Now then. Mark misses his first go at clipping a red and because he lands behind the brown – it’s on the baulk line, close to the side cushion – snookering Shaun, Shaun has a free ball. He has a think about the pot but it’s difficult and if it misses it might mean the frame, so sensibly invites Mark to play from there. With few options, he winds up splitting a cluster under the pink, and when Shaun drains a gorgeous opener, he’s set to win a second straight.

Updated

Selby 13-10 Murphy (0-18)

Granted, I’m an emotionally incontinent type, but the sound and sight of a full crowd – never mind one this “knowledgeable” – is extremely moving.
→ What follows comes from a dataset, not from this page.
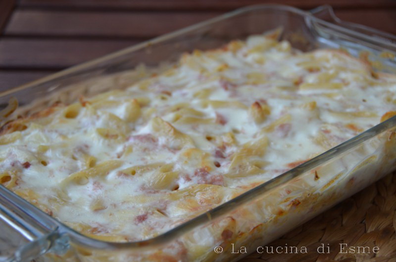 Iniziate preparando la besciamella:mettete in un pentolino di acciaio il burro, fatelo sciogliere a fuoco bassissimo, poi toglietelo momentaneamente dal fuoco il tempo di aggiungere la farina setacciata, mescolate bene e poi rimettete sul fuoco. Mescolando continuamente aggiungete il latte tiepido a filo. Seguitate a mescolare con un cucchiaio di legno e fate cuocere a fiamma bassa finchè la salsa prenderà la consistenza desiderata. Salate e aggiungete un grattata di noce moscata. Se si dovessero formare dei grumi, ponete il pentolino lontano dal fuoco e date una frullata con il mixer ad immersione. Tagliate a pezzetti piccolissimi la mozzarella e il prosciutto cotto. Cuocete la pasta al dente e nel frattempo prendete una pirofila da forno e mettete sul fondo un paio di cucchiai di besciamella. Quando la pasta sarà pronta scolatela bene, versatela in una ciotola insieme alla besciamella, mescolate, unite il parmigiano, il prosciutto e la mozzarella mescolate ancora e poi versate il tutto nella pirofila, livellate lo sformato e versateci sopra due o tre cucchiai di besciamella. Infornate a forno caldo in modalità areato a 180° per 35/40 minuti.

What I’m saying, I guess, is that live sport is the greatest thing in the world, an expression of love and joy, of which there’s yet more when Shaun monsters in a starter. He can’t parlay it into more, but another of similar beauty hauls him back in ... until he overruns, missing a gap between two reds that would’ve put him on the pink. As such, Mark is not contemplating life from tight to the baulk cushion.

Updated

Selby 13-10 Murphy

The crowd go wild when Shaun rams home a pink to complete his first ton of the match, and here we go again! Can Shaun finally close the gap?

Selby 13-9 Murphy (1-74)

This is excellent from Shaun. The balls are nice but the pressure is barbaric, and he eliminates both beautifully.

Selby 13-9 Murphy (1-12)

Oh dear, oh dear. Shaun breaks and leaves a red near the blue – down it goes – but then Mark misses green to middle, and Shaun, who necessarily goes into the pack off his opener, is away! If ever he needed a one-visit win, he needs it the now.

Selby 13-9 Murphy

A second half-century gives Mark the frame, and Shaun will feel this slipping away. He might revise his strategy of going for absolutely everything and just go for everything, because that long red he missed just now was a bit much. He can afford a 2-2 in the mini-sesh, just, but anything more and it’s five to over.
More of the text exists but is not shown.